## DATA FOR ANALYSIS
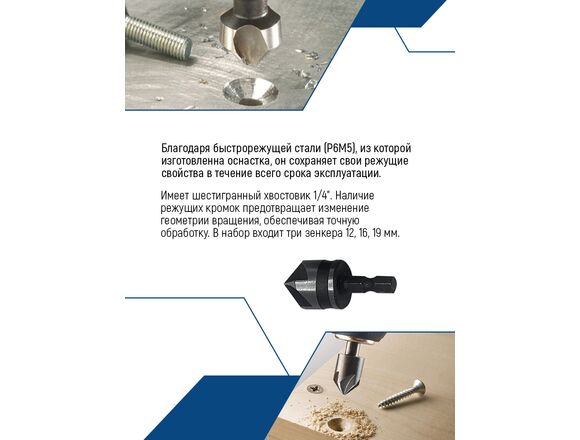 Имеет шестигранный хвостовик 1/4". Благодаря быстрорежущей стали (P6M5), из которой изготовлена оснастка, она сохраняет свои режущие свойства в течение всего срока эксплуатации. Наличие режущих кромок предотвращает изменение геометрии вращения, обеспечивая точную обработку.
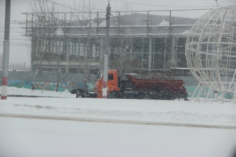 Неподалеку от Лесозаводской мы увидели, как двое дворников с лопатой уже кидали в грузовик снег. И здесь же мимо нас проехали три автомобиля, посыпавшие дороги песком.
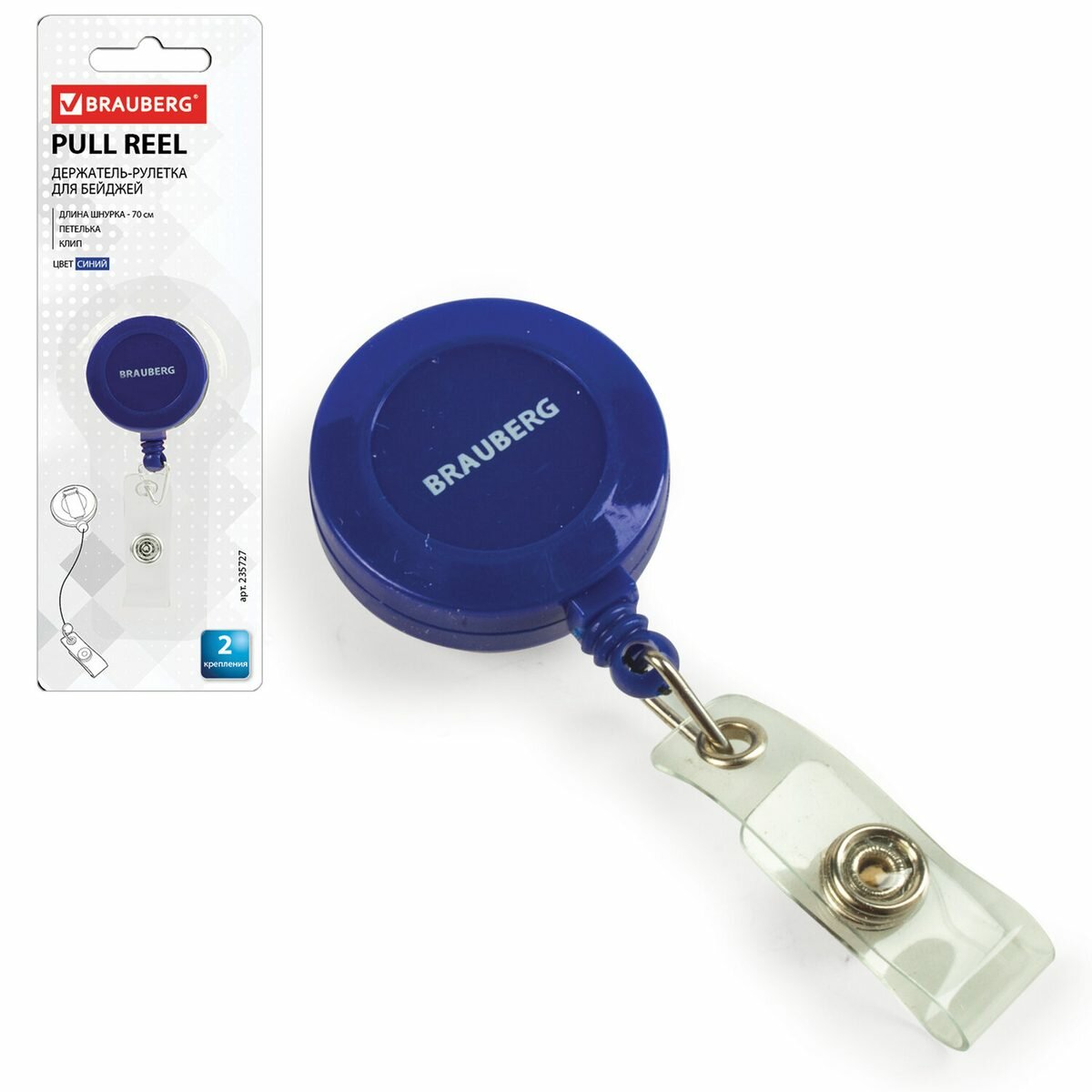 Держатель-рулетка для бейджей Brauberg 70 см, петелька, клип, синий, в блистере (235727)
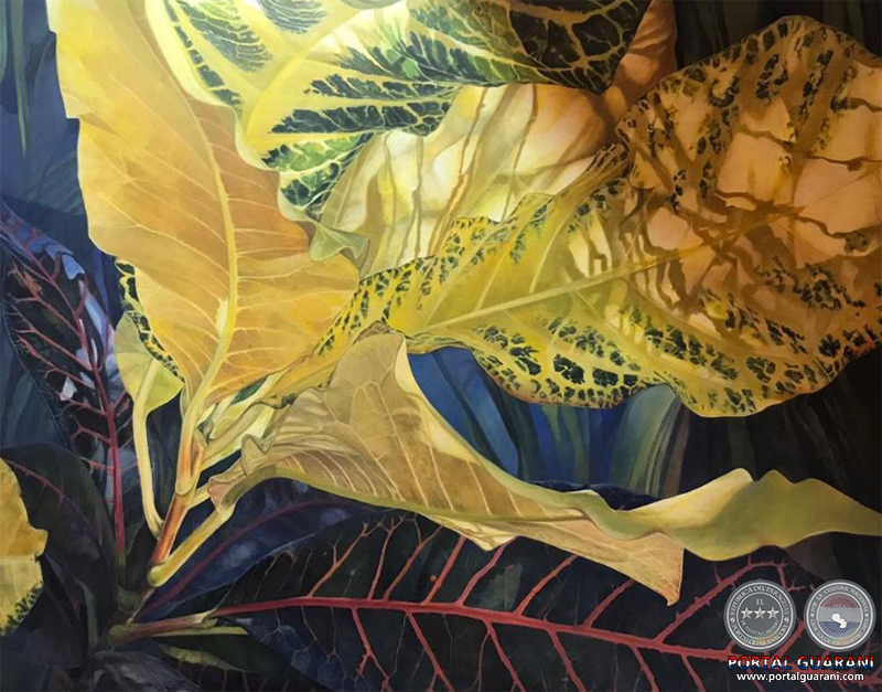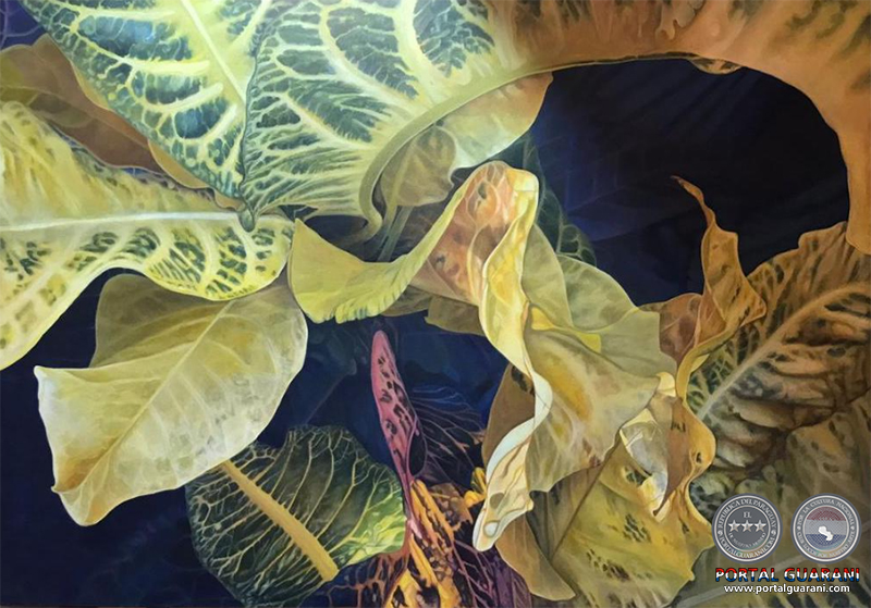 No se trata de un ejercicio, en sentido estricto, ni de una práctica paralela, sino de un movimiento hacia adentro, fuera del tiempo, que busca detenerse en la sensualidad del color y los antojos de la luz, el devenir de la línea y el peso o la liviandad de la atmósfera. La reflexión es desplazada, provisionalmente, por la atención a las demandas retinianas, los efectos del ambiente sobre el cuerpo y los quehaceres de la puesta en imagen, desplazada siempre por los requerimientos del oficio, la mediación de la técnica y la espontaneidad del trazo o la mancha. Ahora la artista observa y expresa hojas propias del jardín paraguayo, aunque sean oriundas de regiones ajenas. Las considera detenidamente, traza un cuadro que permite aislar el canto de ciertas hojas y el juego de nervaduras, fondos y tonos: una ventana que define provisionalmente las pequeñas escenas de la representación. Estos juegos, encarados con seriedad minuciosa, quizá sigan activando la reflexión, pero de manera no consciente, si cabe esta figura; desde otros lugares y otras formas de pensar; pensar visualmente, táctilmente.
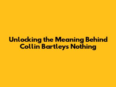Unlocking The Meaning Behind Collin Bartley's 'Nothing'
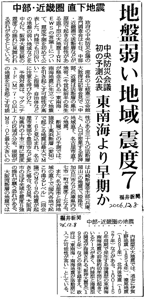 | [2006_12_08_01]中部・近畿圏 直下地震 地盤弱い地域 震度7 中央防災会議 初の予測公表 東南海より早期か 中部・近畿圏の地震(福井新聞2006年12月8日) |
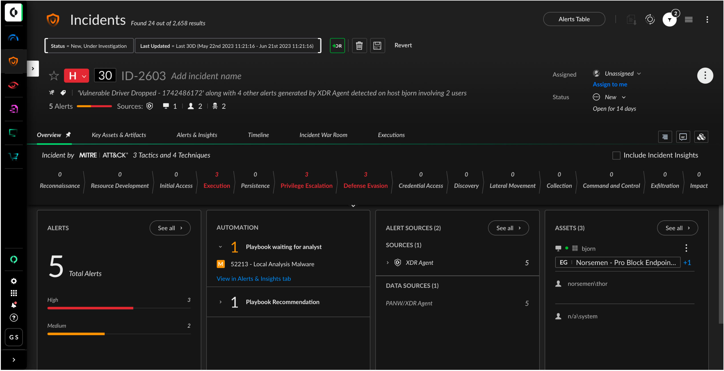Figura 6: Obtenga un contexto más detallado sobre los incidentes gracias a la identificación según el marco de MITRE ATT&CK, las alertas asociadas, el estado del libro de estrategias, las fuentes de alerta y los artefactos

## WHAT IS BEING ASKED
Every record must be copied exactly, with images dropped from the result.

## OUTPUT OF THE TASK
 Имеет шестигранный хвостовик 1/4". Благодаря быстрорежущей стали (P6M5), из которой изготовлена оснастка, она сохраняет свои режущие свойства в течение всего срока эксплуатации. Наличие режущих кромок предотвращает изменение геометрии вращения, обеспечивая точную обработку.
 Неподалеку от Лесозаводской мы увидели, как двое дворников с лопатой уже кидали в грузовик снег. И здесь же мимо нас проехали три автомобиля, посыпавшие дороги песком.
 Держатель-рулетка для бейджей Brauberg 70 см, петелька, клип, синий, в блистере (235727)
 No se trata de un ejercicio, en sentido estricto, ni de una práctica paralela, sino de un movimiento hacia adentro, fuera del tiempo, que busca detenerse en la sensualidad del color y los antojos de la luz, el devenir de la línea y el peso o la liviandad de la atmósfera. La reflexión es desplazada, provisionalmente, por la atención a las demandas retinianas, los efectos del ambiente sobre el cuerpo y los quehaceres de la puesta en imagen, desplazada siempre por los requerimientos del oficio, la mediación de la técnica y la espontaneidad del trazo o la mancha. Ahora la artista observa y expresa hojas propias del jardín paraguayo, aunque sean oriundas de regiones ajenas. Las considera detenidamente, traza un cuadro que permite aislar el canto de ciertas hojas y el juego de nervaduras, fondos y tonos: una ventana que define provisionalmente las pequeñas escenas de la representación. Estos juegos, encarados con seriedad minuciosa, quizá sigan activando la reflexión, pero de manera no consciente, si cabe esta figura; desde otros lugares y otras formas de pensar; pensar visualmente, táctilmente.
Unlocking The Meaning Behind Collin Bartley's 'Nothing'
 | [2006_12_08_01]中部・近畿圏 直下地震 地盤弱い地域 震度7 中央防災会議 初の予測公表 東南海より早期か 中部・近畿圏の地震(福井新聞2006年12月8日) |
Figura 6: Obtenga un contexto más detallado sobre los incidentes gracias a la identificación según el marco de MITRE ATT&CK, las alertas asociadas, el estado del libro de estrategias, las fuentes de alerta y los artefactos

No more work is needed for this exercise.